— Records provided —
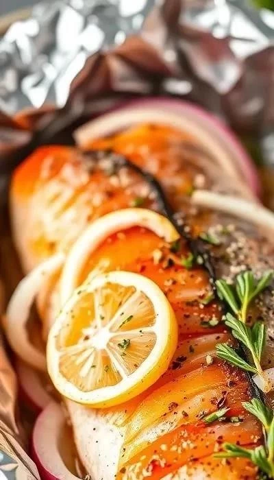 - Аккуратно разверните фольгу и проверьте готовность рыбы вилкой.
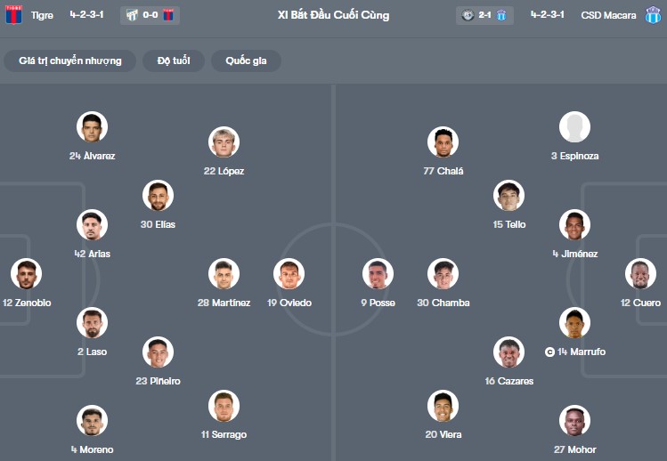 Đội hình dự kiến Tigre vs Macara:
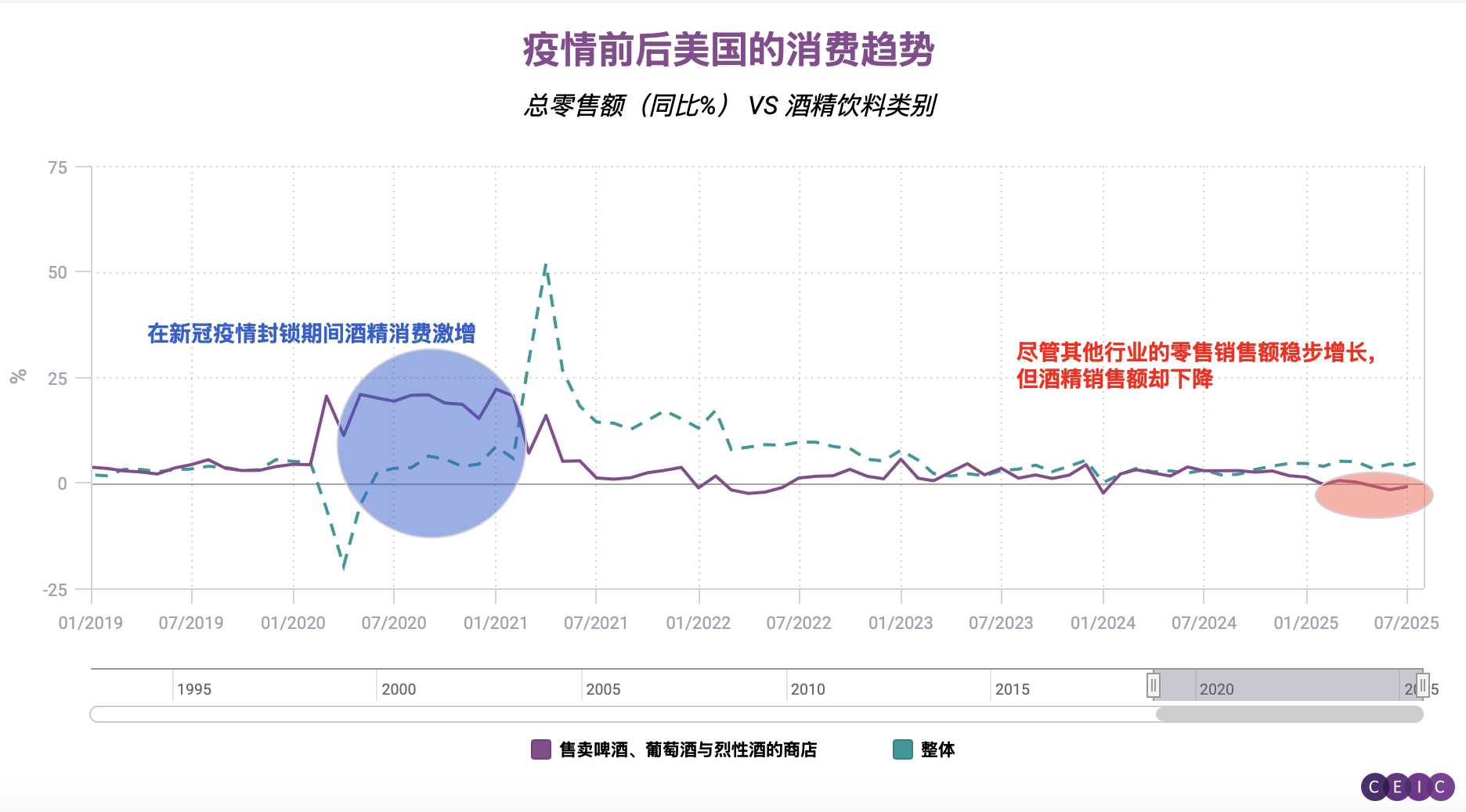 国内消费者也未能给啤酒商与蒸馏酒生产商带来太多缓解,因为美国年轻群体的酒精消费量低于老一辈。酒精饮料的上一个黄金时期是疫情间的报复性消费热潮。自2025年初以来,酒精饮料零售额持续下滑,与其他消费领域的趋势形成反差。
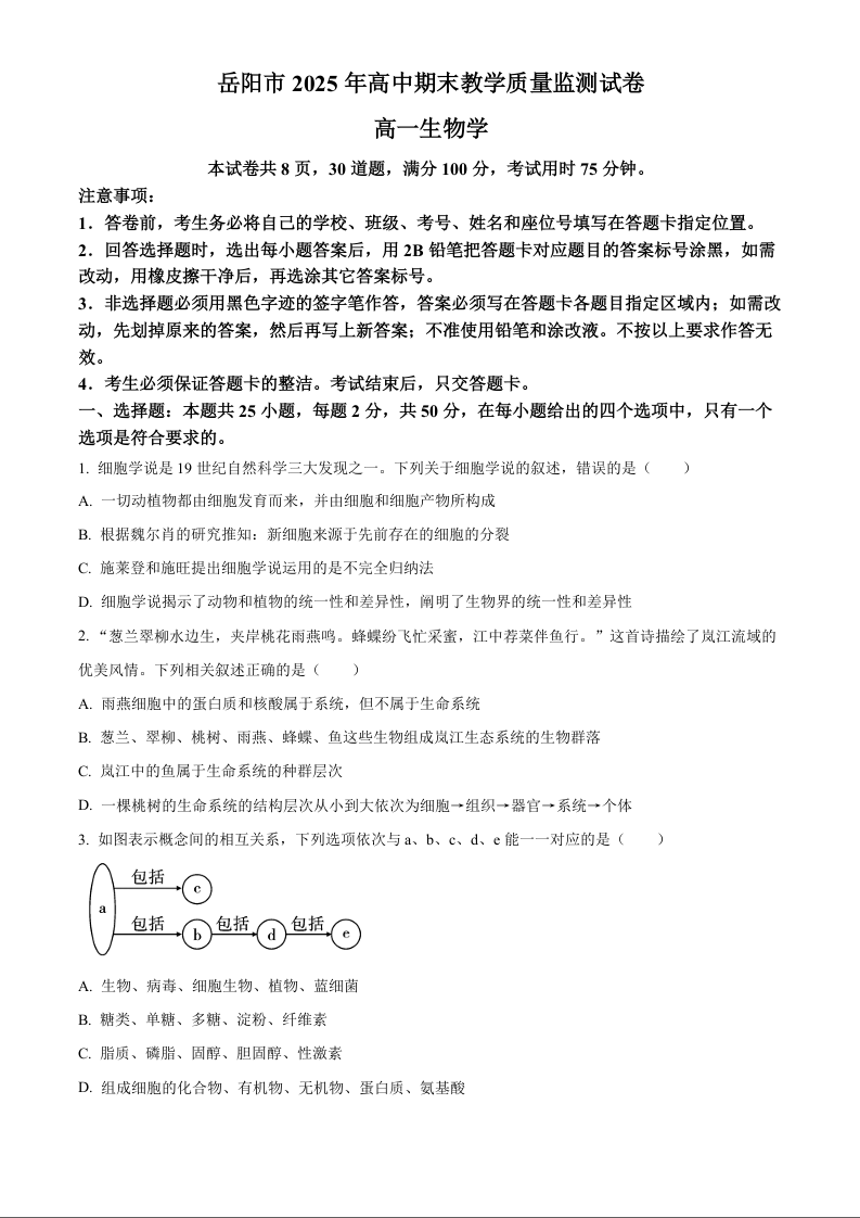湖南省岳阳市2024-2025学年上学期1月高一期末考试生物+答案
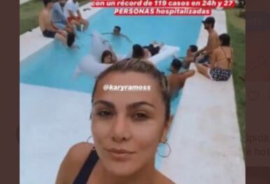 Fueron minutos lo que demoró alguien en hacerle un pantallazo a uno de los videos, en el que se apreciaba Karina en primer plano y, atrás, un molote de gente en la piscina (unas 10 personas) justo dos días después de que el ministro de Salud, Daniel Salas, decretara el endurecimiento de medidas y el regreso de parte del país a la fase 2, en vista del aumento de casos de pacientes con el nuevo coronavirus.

---

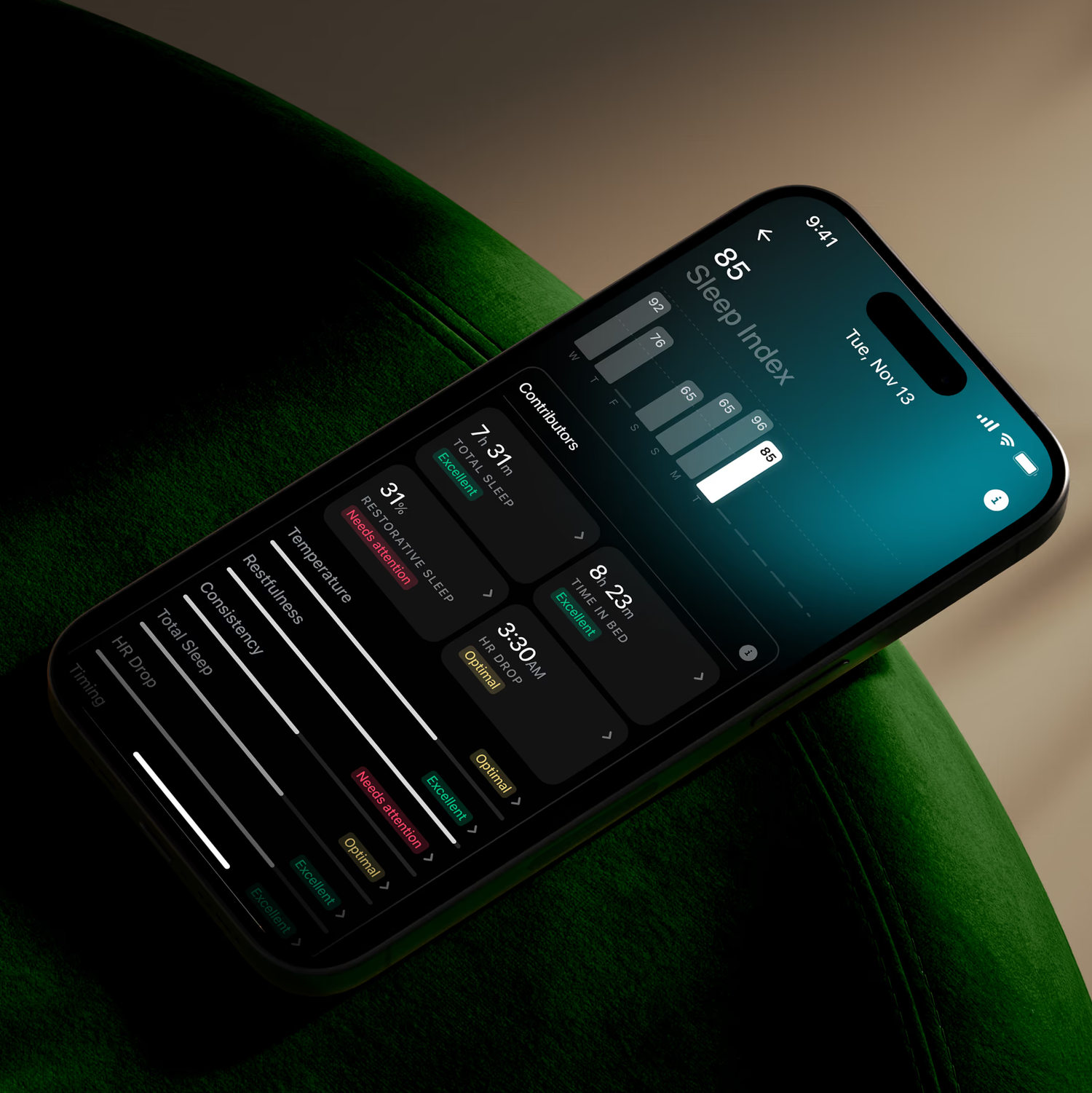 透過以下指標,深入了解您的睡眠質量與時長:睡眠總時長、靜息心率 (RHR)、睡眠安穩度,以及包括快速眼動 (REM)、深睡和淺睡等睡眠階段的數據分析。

...

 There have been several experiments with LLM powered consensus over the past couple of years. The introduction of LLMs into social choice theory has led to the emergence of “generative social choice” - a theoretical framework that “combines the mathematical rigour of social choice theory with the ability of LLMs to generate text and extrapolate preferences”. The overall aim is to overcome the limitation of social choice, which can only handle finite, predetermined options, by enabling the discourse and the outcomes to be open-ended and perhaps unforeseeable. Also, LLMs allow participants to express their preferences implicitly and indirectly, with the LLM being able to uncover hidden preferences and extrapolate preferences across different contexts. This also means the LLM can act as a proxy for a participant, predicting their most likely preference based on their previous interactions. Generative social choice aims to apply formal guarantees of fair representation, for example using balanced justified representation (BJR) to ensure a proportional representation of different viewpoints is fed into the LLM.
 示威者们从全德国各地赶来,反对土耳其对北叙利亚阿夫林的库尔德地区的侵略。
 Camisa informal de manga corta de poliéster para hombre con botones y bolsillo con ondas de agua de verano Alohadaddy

— Problem —
While skipping the pictures, transcribe the data above from the line showing "- Аккуратно разверните" through the line showing "湖南省岳阳市2024-2025学年上学期1月高一期末考试生物+答案", exactly and with both ends.

— Exercise output —
 - Аккуратно разверните фольгу и проверьте готовность рыбы вилкой.
 Đội hình dự kiến Tigre vs Macara:
 国内消费者也未能给啤酒商与蒸馏酒生产商带来太多缓解,因为美国年轻群体的酒精消费量低于老一辈。酒精饮料的上一个黄金时期是疫情间的报复性消费热潮。自2025年初以来,酒精饮料零售额持续下滑,与其他消费领域的趋势形成反差。
湖南省岳阳市2024-2025学年上学期1月高一期末考试生物+答案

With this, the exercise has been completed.